▶ Your task
Repeat the data exactly, leaving out any image.

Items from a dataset
--------------------

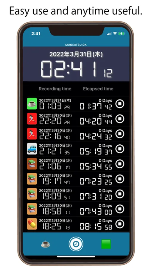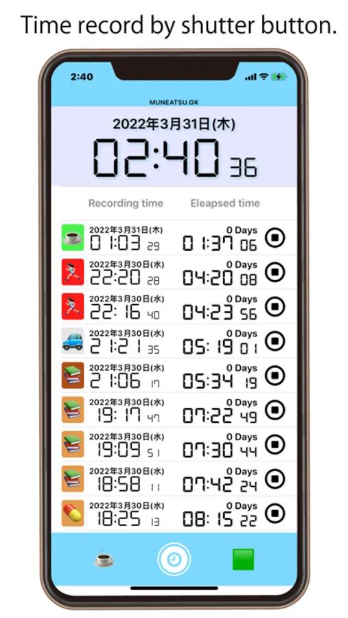 After launching the app, press the round shutter button at the bottom of the screen at the time you want to record, the time will be recorded and the elapsed time will be displayed.
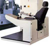 Отдельно стоящий центральный пульт управления станка с креслом позволяет оператору с удобного места производить
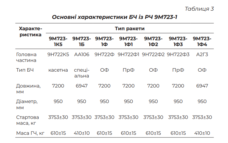 В аналізі також згадуються модифікації 9М723-1Б, що використовують спеціальну боєголовку AA106. Розміри та маса цієї модифікації відповідають серійному стандарту: довжина становить 7,2 метра, а стартова маса — 3,8 тонни. При цьому боєголовка меншого розміру важить приблизно 410 кілограмів.
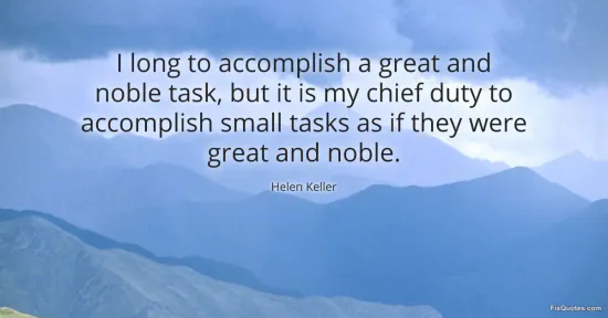 Keller, Helen. (2026, January 17). I long to accomplish a great and noble task, but it is my chief duty to accomplish small tasks as if they were great and noble. FixQuotes. https://fixquotes.com/quotes/i-long-to-accomplish-a-great-and-noble-task-but-26469/
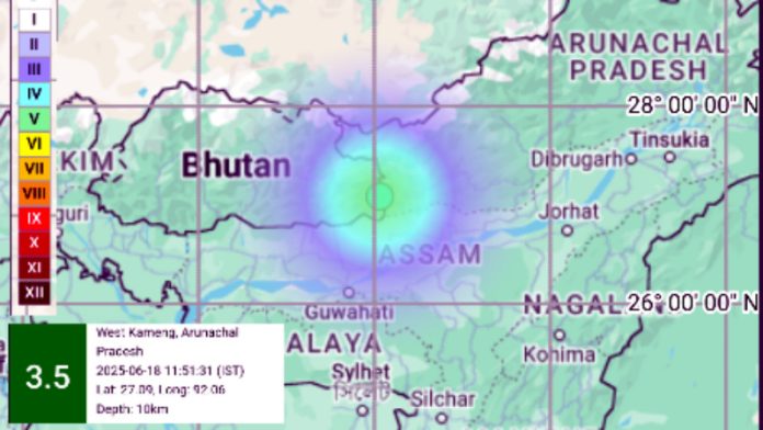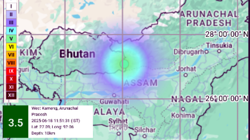 पश्चिम कामेंग, अरुणाचल प्रदेश – आज दिनांक 18 जून 2025 को सुबह 11:51 बजे अरुणाचल प्रदेश के पश्चिम कामेंग जिले में भूकंप के झटके महसूस किए गए। भारतीय समयानुसार (IST) आए इस भूकंप की तीव्रता रिक्टर स्केल पर 3.5 मापी गई।
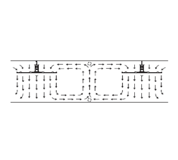 氣流到達地面后偏轉(zhuǎn)向外輻射, 氣流遇到墻或設備阻擋物,氣流開始向上偏轉(zhuǎn)達到屋頂, 向上的氣流向風扇上方的低壓區(qū)域然后在將其拉向地板。這個類似對流。
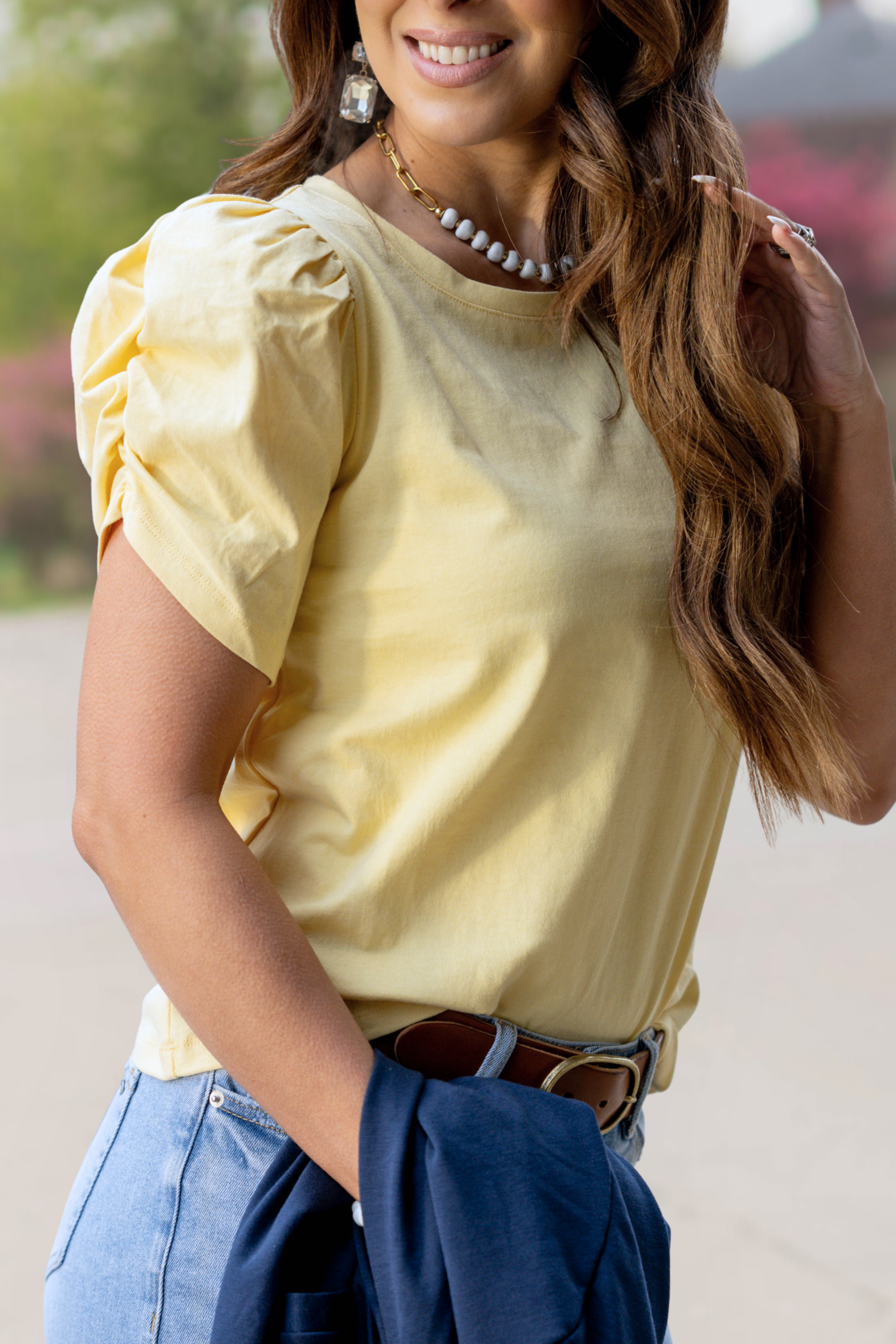 A feminine twist on your favorite everyday tee. This puff-sleeve beauty adds instant polish while keeping things effortlessly comfortable.

--------------------

▶ Answer to this task
 After launching the app, press the round shutter button at the bottom of the screen at the time you want to record, the time will be recorded and the elapsed time will be displayed.
 Отдельно стоящий центральный пульт управления станка с креслом позволяет оператору с удобного места производить
 В аналізі також згадуються модифікації 9М723-1Б, що використовують спеціальну боєголовку AA106. Розміри та маса цієї модифікації відповідають серійному стандарту: довжина становить 7,2 метра, а стартова маса — 3,8 тонни. При цьому боєголовка меншого розміру важить приблизно 410 кілограмів.
 Keller, Helen. (2026, January 17). I long to accomplish a great and noble task, but it is my chief duty to accomplish small tasks as if they were great and noble. FixQuotes. https://fixquotes.com/quotes/i-long-to-accomplish-a-great-and-noble-task-but-26469/
 पश्चिम कामेंग, अरुणाचल प्रदेश – आज दिनांक 18 जून 2025 को सुबह 11:51 बजे अरुणाचल प्रदेश के पश्चिम कामेंग जिले में भूकंप के झटके महसूस किए गए। भारतीय समयानुसार (IST) आए इस भूकंप की तीव्रता रिक्टर स्केल पर 3.5 मापी गई।
 氣流到達地面后偏轉(zhuǎn)向外輻射, 氣流遇到墻或設備阻擋物,氣流開始向上偏轉(zhuǎn)達到屋頂, 向上的氣流向風扇上方的低壓區(qū)域然后在將其拉向地板。這個類似對流。
 A feminine twist on your favorite everyday tee. This puff-sleeve beauty adds instant polish while keeping things effortlessly comfortable.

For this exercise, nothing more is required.